Fat transfer also can be used for:

  • Breast augmentation or enhancement after construction
  • Buttock augmentation
  • Poor scars/burns
  • Amputation pain/thinning of skin
  • Radiation therapy/skin changes
  • Chronic migraines with specific trigger points
  • Foot fat pad atrophy
  • Hand rejuvenation
  • Facial rejuvenation (i.e. lip fillers, filling of tear trough)

Fat Transfer: Benefits and Risks

Fat transfer has many advantages compared to other techniques. It uses your own tissue, so the transfer won’t be rejected. While some treatments may require more than one procedure, many can be done in one session in the office or operating room. In all these cases, liposuction (the process of removing fat) is an outpatient procedure where you go home the same day, avoiding an overnight stay in the hospital.

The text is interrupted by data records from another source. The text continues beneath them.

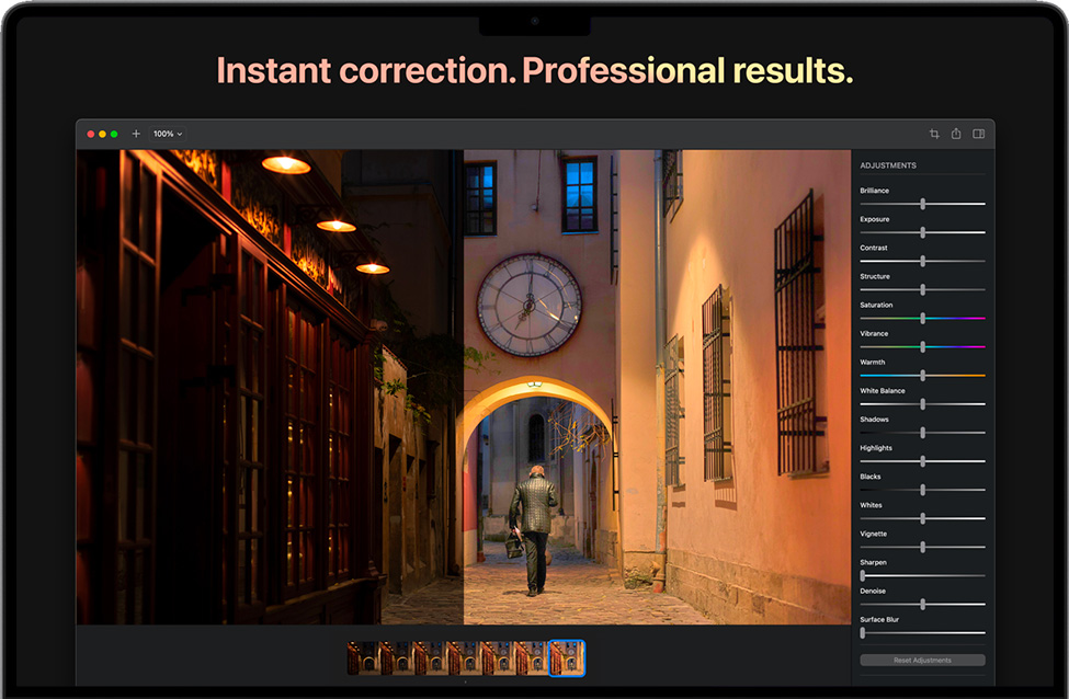 控制住Brightly 很简单,效果立竿见影,但当您需要更多控制时,它还包含强大的调整功能。 | 专业版功能RAW、4K视频和批处理只是使Brightly Pro成为专业人士的完美工具的开始。 |
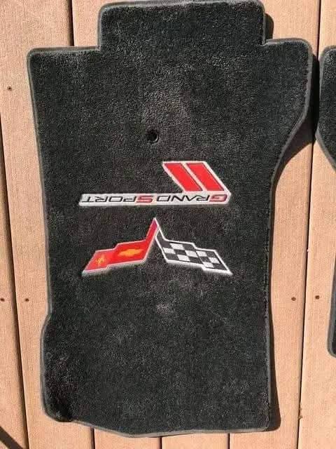 an excellent like new condition set of Lloyd C6 corvette floor mats including. They were in the car for only 4000 miles… Color is Ebony with the optional Grand Sport/ cross flags Logo.
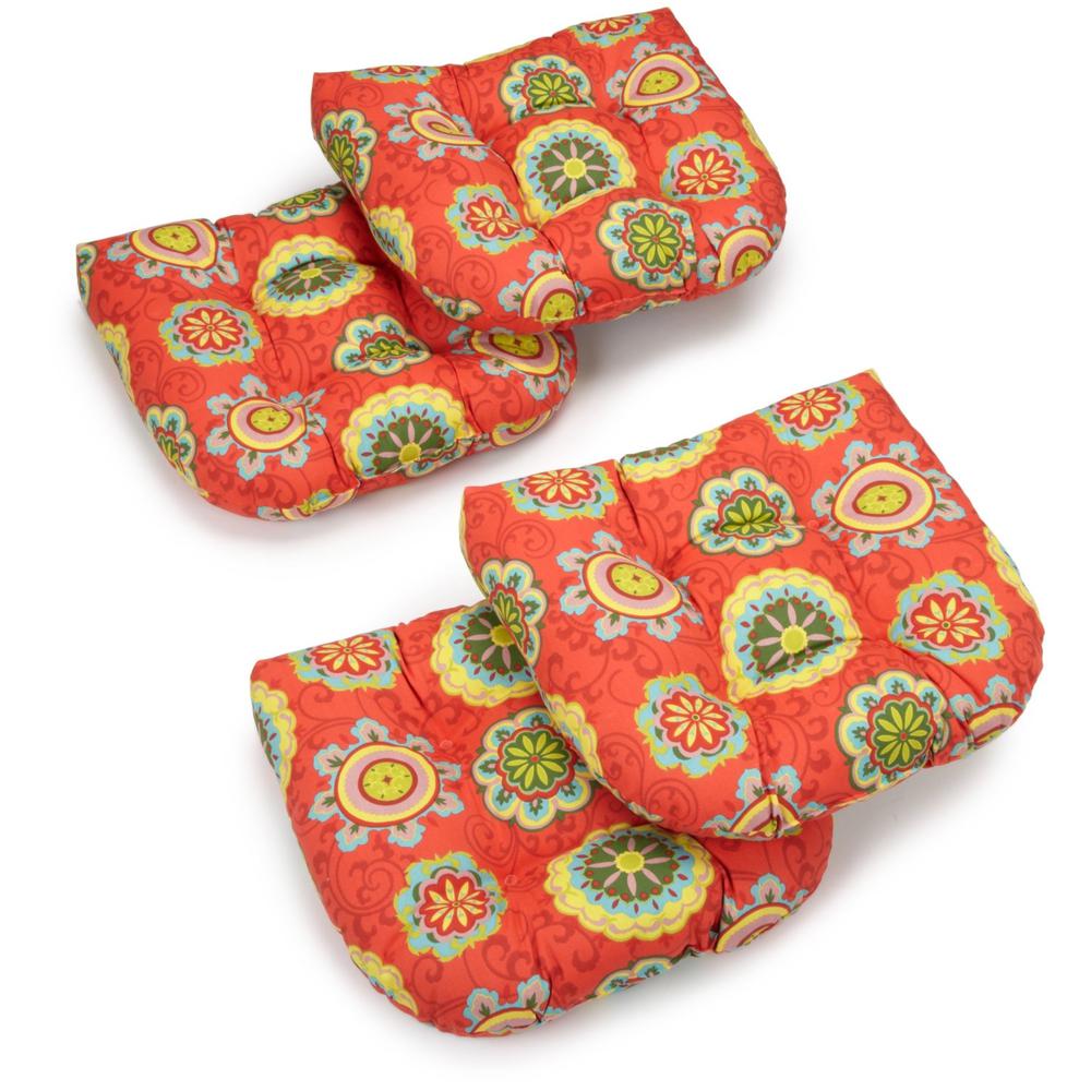 Add a splash of color and style to your home furnishings with these chair cushions. These cushions feature a classic tufted cushion design and available in a wide variety of colors of premium outdoor fabric. Includes four cushions.

Additionally, it is a relatively pain-free procedure with minimal down time.

The risks of fat transfer include the risk to the donor site (where fat is taken) and to the recipient site (where fat is placed). Typically, these include over or under removal/placement of fat. Because liposuction is used to remove the fat, contour irregularities are possible, along with fluid collections under the skin. Most of these can be corrected easily in an office procedure or a revision in the operating room. A rare but severe complication is a fat embolism, where a fat molecule becomes lodged in a vein and travels to the lung.

The Fat Transfer Process

Fat transfer works by “borrowing” fat from one part of the body and moving it to another. Surgeon marking patients stomachLiposuction is used to remove fat from any area of the body where there is an undesired amount of fat. Commonly, patients request that fat be removed from the abdomen, flanks and thighs, but any area can be a donor site. After the fat is washed and processed, it is reinjected into a separate area for enhancement or augmentation of the tissues. The benefits of this are that liposuction can be used to contour an area with an excess amount of fat and used to fill an area with a deficiency of fat.

Fat removal is permanent, and while fat cells removed with liposuction will not come back, it is possible to regain weight in that area. After a fat transfer, the fat cells will permanently stay in their new home. However, you may see a proportional change in the volume of fat if you have dramatic weight changes. In the first six weeks after surgery, it is common to lose 30 percent to 40 percent of the fat initially transferred, but surgeons typically place extra fat during that transfer to account for the initial loss of tissue.

Whether you are considering using fat transfer for therapeutic or cosmetic reasons, you are still going to undergo a medical procedure. Before undergoing any procedures, make sure your surgeon is experienced in these areas.